## [Dataset excerpt]
-- Opening Marker --

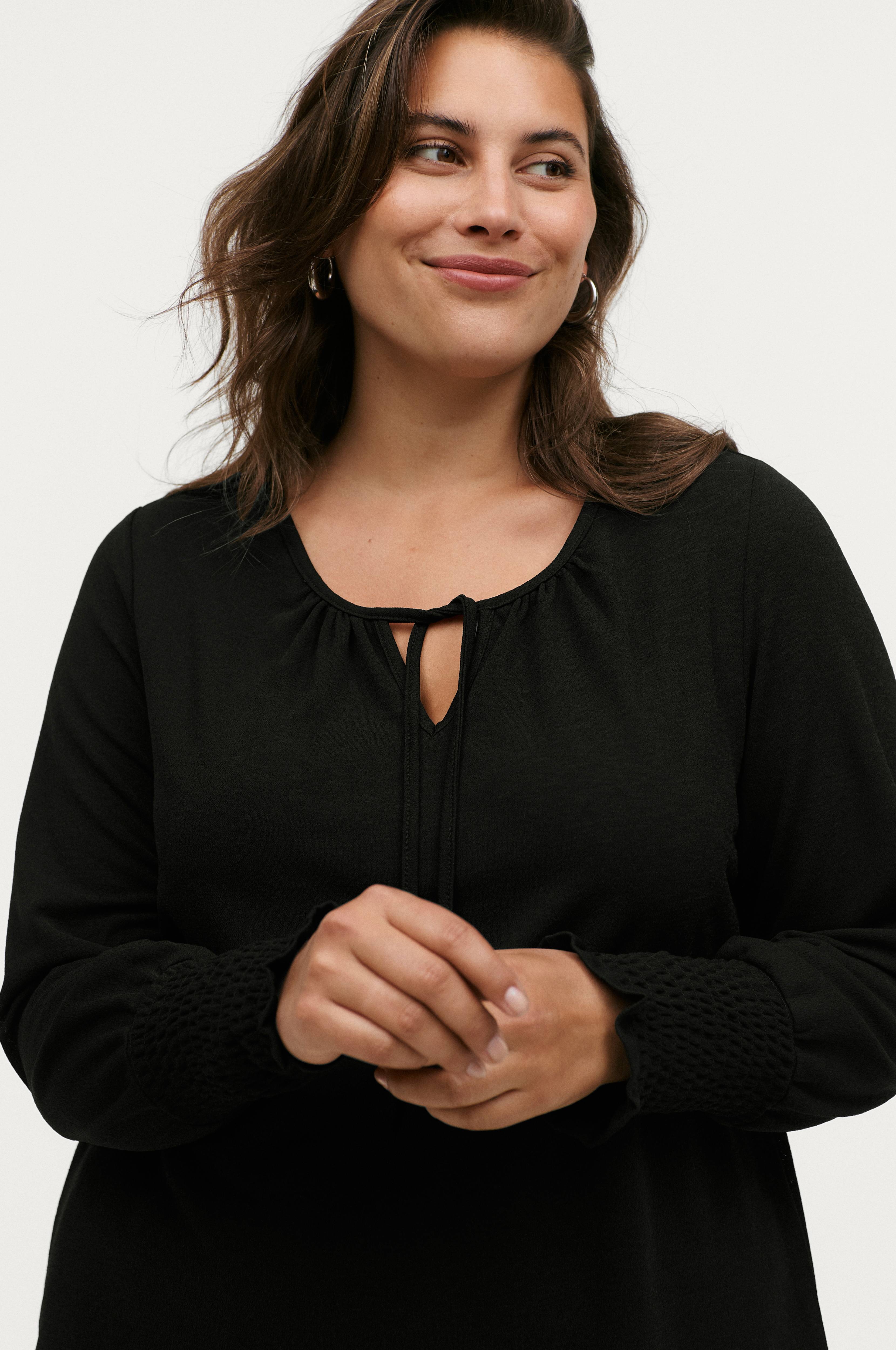 Mjukt tyg som faller fint. Mycket fin fåll på ärmarna. Bra längd, rak form. Rymlig i storlek. Köpte svart, kanske lite transparent, men inte så mycket. Mycket nöjd.
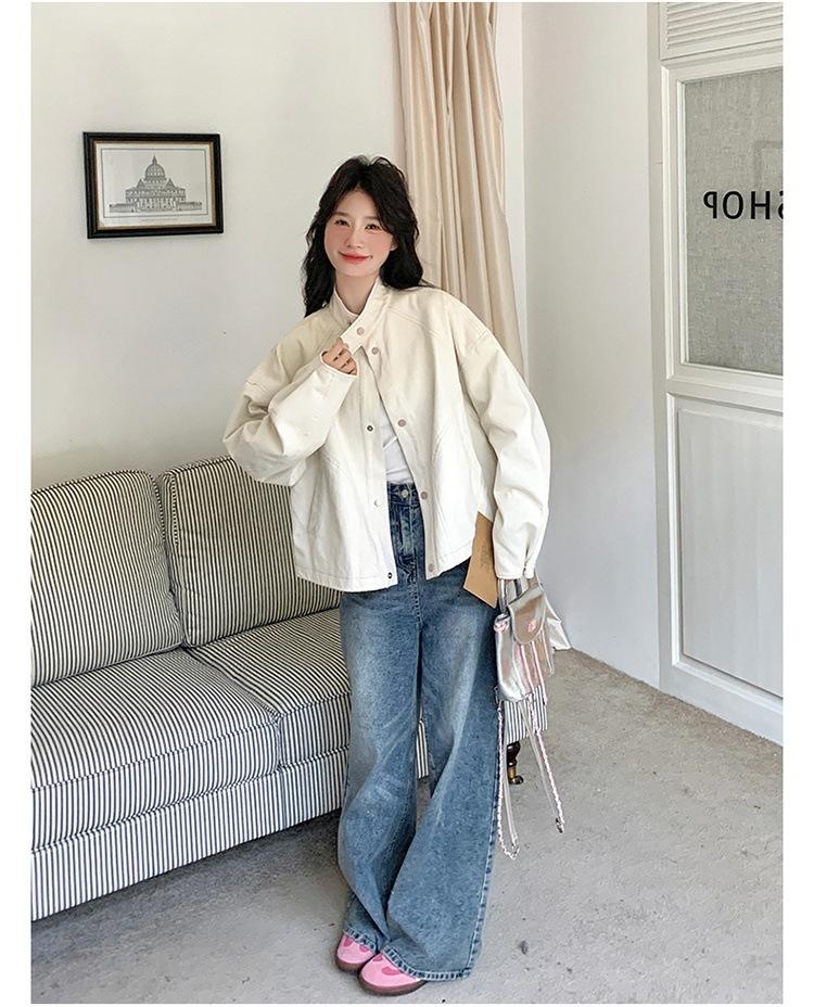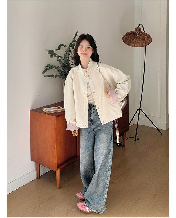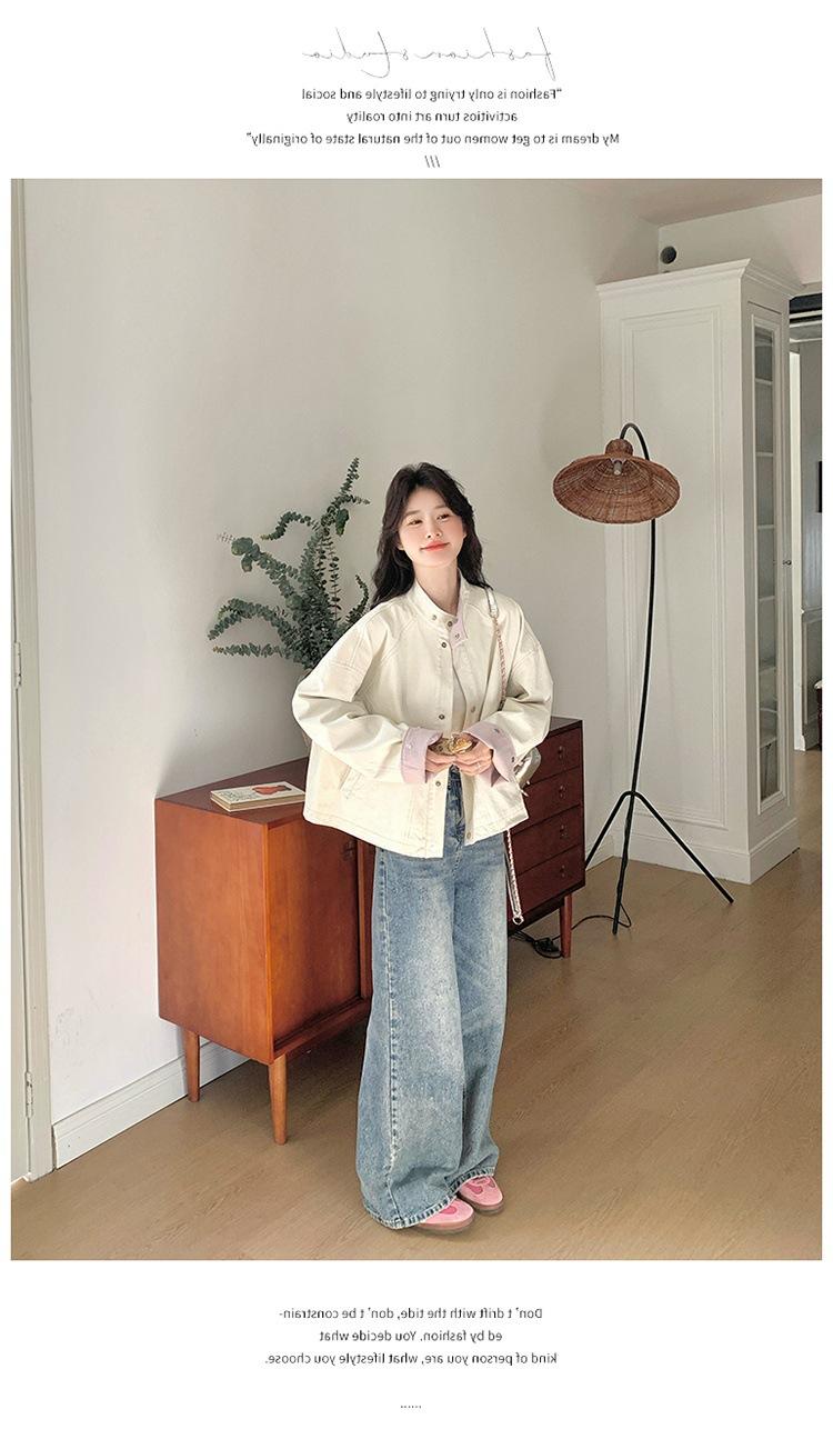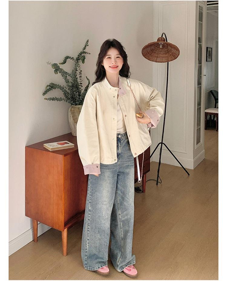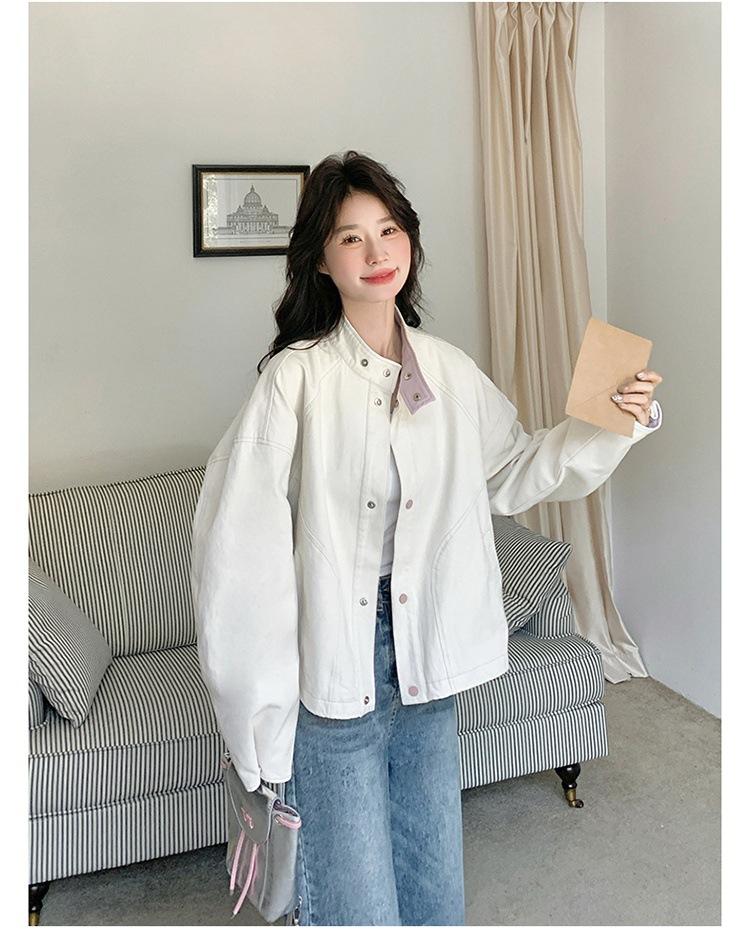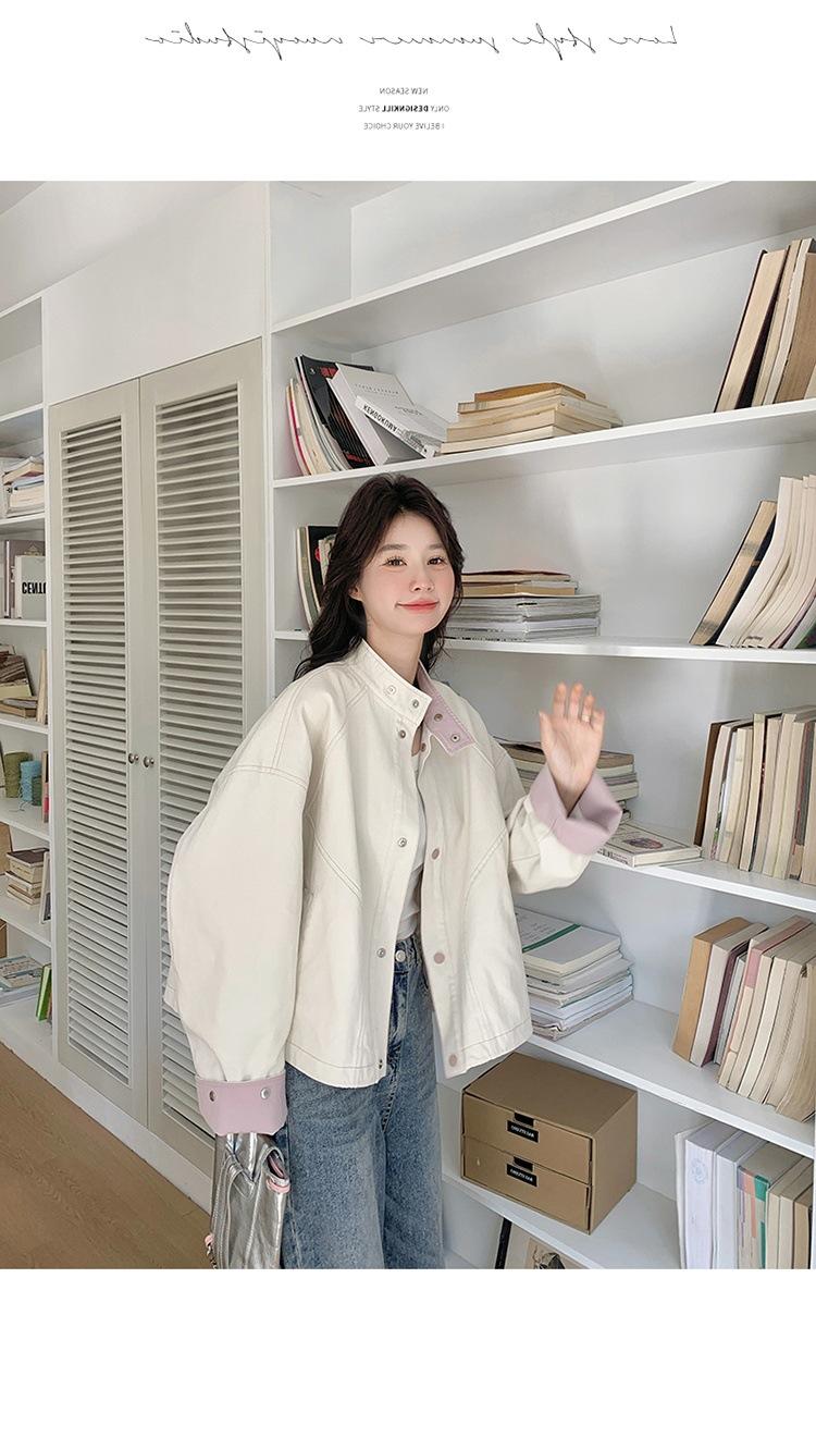 Chaqueta de Béisbol Casual de Cuello Redondo 2025 Nueva Ropa Exterior Petite Patchwork a Cuadros Puños Chaqueta Versátil Mujer A5655
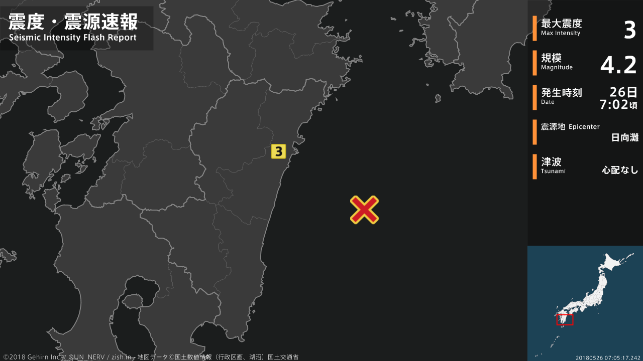 26日07時02分頃、日向灘を震源とする地震がありました。震源の深さは約20km、地震の規模はM4.2と推定されています。この地震による津波の心配はありません。
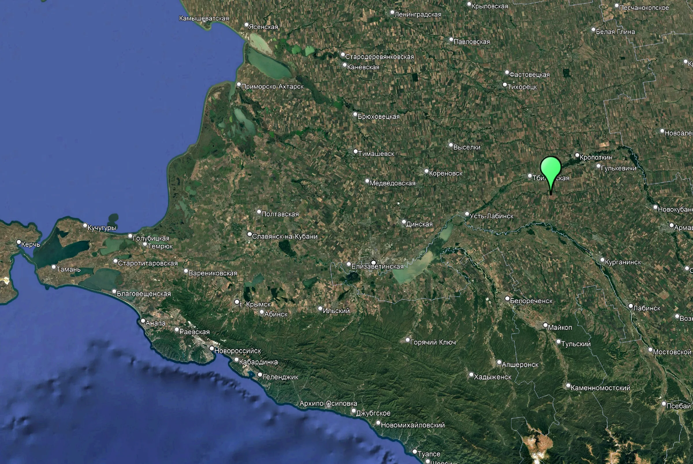 Расположение хутора Песчаный на территории Краснодарского края.

-- Closing Marker --

## [What you need to do]
All of the lines above should be copied exactly, apart from the pictures.

## [Answer to this exercise]
 Mjukt tyg som faller fint. Mycket fin fåll på ärmarna. Bra längd, rak form. Rymlig i storlek. Köpte svart, kanske lite transparent, men inte så mycket. Mycket nöjd.
 Chaqueta de Béisbol Casual de Cuello Redondo 2025 Nueva Ropa Exterior Petite Patchwork a Cuadros Puños Chaqueta Versátil Mujer A5655
 26日07時02分頃、日向灘を震源とする地震がありました。震源の深さは約20km、地震の規模はM4.2と推定されています。この地震による津波の心配はありません。
 Расположение хутора Песчаный на территории Краснодарского края.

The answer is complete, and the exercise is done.